I am such a noob, as you know.
Thank God I have a brother in you.
Fidgety facial muscles. They always shift when I focus my thoughts on my face during conversation. Instead of looking into the eyes of the person, I gaze to the right and left nervously, frantically. I try to relax my face, awkwardly clutching - with my index finger and thumb - at the flab of skin on my left cheek. My anxiety mirrors in his face, and I am mortified.
Even now, thinking about what my face has been doing in the past few months triggers tremors. My nose wiggles a bit and my mouth sits uncomfortably. I have resorted to telling people around me that I have developed resting bitch face syndrome. In truth, I’m just emotionally worn out from throwing around my own heart, hurting others’, and not being able to forgive myself for it. I’m tired from wanting to give all the time (and constantly failing at it) and not knowing how to receive properly.

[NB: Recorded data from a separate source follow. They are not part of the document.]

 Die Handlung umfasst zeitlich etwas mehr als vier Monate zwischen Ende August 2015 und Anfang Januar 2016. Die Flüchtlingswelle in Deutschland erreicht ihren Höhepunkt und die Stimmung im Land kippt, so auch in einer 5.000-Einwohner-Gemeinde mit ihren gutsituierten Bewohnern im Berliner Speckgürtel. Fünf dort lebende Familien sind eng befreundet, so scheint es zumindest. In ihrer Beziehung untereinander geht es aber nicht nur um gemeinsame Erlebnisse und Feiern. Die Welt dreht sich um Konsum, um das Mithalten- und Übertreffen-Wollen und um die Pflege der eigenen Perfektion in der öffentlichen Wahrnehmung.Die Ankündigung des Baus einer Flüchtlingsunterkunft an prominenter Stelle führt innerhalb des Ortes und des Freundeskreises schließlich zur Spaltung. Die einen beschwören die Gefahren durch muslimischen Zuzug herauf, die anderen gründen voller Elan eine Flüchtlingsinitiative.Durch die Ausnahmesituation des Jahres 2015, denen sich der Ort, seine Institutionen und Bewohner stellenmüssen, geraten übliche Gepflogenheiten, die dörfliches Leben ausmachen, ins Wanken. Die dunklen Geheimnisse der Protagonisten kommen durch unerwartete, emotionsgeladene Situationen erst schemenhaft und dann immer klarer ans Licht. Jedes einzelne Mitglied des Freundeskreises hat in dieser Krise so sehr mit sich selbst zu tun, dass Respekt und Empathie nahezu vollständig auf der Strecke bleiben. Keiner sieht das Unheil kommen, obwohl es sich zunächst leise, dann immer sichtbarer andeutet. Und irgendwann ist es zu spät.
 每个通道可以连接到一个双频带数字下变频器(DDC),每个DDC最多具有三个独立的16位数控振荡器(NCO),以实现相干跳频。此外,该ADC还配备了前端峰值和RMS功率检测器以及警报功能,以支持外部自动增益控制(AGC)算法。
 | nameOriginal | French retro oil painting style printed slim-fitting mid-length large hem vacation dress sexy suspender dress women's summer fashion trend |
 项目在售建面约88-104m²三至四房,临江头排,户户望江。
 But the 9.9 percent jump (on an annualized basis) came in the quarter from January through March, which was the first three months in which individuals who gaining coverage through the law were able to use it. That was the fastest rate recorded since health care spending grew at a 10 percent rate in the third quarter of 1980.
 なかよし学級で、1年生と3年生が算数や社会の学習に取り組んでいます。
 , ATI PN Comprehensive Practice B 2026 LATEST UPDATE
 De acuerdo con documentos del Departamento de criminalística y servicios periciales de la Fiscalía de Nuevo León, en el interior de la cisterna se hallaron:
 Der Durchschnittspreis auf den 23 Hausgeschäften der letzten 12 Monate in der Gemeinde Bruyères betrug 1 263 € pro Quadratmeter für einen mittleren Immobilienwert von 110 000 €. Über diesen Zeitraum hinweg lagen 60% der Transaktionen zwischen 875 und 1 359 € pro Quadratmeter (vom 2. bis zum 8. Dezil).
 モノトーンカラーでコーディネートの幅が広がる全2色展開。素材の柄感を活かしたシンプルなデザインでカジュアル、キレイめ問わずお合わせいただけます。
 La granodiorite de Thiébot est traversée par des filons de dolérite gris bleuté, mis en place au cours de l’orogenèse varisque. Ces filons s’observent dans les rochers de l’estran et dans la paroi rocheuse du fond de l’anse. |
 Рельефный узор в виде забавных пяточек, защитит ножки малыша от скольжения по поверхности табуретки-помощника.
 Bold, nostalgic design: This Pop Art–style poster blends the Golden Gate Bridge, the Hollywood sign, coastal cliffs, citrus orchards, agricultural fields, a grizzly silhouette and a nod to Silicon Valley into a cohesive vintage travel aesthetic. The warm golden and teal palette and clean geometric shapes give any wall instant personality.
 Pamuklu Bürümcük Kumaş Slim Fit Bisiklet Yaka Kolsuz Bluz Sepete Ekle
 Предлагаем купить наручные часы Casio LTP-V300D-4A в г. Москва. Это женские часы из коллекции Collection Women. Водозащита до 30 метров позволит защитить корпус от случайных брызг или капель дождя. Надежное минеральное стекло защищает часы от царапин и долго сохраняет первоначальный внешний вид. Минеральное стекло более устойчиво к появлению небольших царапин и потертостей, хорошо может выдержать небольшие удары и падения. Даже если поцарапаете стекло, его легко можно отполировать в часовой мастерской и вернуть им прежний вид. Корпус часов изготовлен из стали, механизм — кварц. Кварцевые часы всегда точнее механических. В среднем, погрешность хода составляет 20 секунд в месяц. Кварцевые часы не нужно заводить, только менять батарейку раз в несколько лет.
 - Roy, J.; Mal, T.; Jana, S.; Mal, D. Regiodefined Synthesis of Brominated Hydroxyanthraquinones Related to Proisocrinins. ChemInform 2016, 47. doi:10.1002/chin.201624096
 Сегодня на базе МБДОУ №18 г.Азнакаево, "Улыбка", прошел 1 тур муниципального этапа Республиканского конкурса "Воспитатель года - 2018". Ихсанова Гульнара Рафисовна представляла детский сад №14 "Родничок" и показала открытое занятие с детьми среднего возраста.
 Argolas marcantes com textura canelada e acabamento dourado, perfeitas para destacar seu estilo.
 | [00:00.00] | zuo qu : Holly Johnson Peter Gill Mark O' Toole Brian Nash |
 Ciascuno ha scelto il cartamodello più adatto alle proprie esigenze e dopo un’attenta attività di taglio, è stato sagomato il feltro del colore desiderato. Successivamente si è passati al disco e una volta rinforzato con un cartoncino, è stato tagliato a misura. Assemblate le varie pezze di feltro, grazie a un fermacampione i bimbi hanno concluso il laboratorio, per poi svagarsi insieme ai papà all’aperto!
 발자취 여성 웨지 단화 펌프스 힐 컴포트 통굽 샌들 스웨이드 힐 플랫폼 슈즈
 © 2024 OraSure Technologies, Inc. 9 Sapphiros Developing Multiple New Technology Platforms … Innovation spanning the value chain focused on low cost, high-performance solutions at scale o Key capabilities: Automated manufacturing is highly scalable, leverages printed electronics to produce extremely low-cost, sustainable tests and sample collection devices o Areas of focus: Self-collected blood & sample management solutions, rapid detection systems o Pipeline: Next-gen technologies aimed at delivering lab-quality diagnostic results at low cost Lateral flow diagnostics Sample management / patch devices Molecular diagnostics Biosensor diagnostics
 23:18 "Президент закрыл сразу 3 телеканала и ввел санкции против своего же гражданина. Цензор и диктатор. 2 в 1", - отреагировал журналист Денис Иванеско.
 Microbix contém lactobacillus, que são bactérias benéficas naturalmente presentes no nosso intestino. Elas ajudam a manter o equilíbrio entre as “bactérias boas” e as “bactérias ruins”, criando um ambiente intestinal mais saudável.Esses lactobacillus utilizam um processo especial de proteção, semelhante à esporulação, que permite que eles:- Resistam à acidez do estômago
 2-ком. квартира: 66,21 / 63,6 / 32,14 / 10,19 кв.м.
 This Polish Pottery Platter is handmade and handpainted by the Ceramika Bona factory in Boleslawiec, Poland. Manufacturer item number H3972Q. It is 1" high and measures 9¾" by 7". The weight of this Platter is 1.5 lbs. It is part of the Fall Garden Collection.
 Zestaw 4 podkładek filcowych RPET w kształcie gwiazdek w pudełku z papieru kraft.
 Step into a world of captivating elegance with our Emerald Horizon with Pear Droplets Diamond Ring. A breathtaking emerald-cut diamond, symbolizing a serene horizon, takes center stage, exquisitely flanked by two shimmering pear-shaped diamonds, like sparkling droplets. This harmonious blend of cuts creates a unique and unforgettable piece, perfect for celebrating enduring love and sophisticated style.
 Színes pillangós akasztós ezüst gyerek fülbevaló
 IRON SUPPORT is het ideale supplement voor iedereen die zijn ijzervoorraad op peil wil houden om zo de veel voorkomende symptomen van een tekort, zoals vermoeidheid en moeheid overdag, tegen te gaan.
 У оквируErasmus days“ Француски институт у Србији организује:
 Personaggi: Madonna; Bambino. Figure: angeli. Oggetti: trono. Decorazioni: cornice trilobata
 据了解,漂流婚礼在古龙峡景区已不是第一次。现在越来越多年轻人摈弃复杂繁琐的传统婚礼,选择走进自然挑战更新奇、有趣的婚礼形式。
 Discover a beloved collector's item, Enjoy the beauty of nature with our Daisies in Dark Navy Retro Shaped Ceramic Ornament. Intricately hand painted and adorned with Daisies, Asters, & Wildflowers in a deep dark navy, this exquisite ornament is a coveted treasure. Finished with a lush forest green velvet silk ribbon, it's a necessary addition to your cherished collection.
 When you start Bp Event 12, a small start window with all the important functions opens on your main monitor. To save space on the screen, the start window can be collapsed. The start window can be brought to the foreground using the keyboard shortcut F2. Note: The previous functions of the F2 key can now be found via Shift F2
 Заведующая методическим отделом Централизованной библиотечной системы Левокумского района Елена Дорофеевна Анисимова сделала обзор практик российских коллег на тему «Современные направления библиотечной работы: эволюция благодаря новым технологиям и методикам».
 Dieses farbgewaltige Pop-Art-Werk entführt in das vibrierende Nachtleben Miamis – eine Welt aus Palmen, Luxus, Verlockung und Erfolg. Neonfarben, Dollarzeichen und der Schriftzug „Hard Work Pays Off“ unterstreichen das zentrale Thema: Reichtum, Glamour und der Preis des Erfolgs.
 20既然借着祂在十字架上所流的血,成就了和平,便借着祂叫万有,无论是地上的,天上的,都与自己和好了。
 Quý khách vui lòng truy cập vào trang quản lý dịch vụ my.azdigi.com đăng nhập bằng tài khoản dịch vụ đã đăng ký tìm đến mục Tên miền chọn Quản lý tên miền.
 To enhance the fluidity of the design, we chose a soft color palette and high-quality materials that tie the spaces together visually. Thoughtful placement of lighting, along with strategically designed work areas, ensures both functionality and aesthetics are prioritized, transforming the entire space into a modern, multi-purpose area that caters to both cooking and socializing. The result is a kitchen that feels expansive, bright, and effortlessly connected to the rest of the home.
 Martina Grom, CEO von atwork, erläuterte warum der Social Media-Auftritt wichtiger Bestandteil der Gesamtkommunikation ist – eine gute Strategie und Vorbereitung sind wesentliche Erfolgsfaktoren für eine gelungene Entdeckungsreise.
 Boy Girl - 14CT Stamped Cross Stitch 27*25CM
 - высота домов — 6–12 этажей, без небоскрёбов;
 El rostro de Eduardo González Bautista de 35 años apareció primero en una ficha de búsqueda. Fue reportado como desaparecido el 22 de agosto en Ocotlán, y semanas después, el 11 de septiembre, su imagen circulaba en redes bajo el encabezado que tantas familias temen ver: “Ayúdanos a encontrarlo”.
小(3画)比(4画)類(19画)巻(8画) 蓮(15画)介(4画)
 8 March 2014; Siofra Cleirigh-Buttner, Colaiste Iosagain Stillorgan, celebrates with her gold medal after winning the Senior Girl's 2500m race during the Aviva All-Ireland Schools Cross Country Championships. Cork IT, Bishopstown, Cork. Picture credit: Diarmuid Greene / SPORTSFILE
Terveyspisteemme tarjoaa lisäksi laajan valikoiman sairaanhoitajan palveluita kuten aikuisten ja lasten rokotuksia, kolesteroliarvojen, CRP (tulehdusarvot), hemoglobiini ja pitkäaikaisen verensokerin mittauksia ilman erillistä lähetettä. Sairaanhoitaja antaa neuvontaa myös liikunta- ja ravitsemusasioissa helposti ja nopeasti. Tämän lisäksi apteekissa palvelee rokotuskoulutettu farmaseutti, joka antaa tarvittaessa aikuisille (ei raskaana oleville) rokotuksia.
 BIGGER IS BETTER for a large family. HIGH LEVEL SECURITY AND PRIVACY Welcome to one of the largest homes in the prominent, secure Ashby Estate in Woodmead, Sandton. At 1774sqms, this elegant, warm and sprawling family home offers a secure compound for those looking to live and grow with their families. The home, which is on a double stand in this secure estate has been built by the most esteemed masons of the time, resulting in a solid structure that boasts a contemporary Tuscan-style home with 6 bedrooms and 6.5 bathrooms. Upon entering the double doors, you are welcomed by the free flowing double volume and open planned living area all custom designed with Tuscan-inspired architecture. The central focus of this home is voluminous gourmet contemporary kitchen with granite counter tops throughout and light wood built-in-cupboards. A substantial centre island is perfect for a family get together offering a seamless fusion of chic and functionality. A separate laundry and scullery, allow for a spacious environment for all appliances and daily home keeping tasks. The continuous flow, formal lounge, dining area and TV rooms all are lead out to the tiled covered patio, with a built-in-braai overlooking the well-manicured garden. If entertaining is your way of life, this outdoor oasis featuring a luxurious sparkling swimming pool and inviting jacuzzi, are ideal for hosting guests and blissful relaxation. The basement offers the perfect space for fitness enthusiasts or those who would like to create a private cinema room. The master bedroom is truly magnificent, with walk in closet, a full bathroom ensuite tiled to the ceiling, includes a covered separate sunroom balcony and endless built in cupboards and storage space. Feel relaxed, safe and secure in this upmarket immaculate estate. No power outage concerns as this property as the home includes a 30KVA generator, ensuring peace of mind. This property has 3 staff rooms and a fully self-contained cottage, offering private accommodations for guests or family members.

Lately, I feel so unnatural when striving to appear kind to kids and polite to adults, things that I was taught and shown while growing up. I force myself to smile, but often the smile won’t form. The twitching comes back, and I hate myself again.
I need to stop focusing so much energy on figuring out how to change myself. Perhaps, if I accepted my emotional and mental condition for what they are rather than what I want them to be, then I could learn to smile genuinely.
But, alas, I still maintain the resting bitch face.
Times like this when I miss Justin. Fuck a fake friend. No roots there.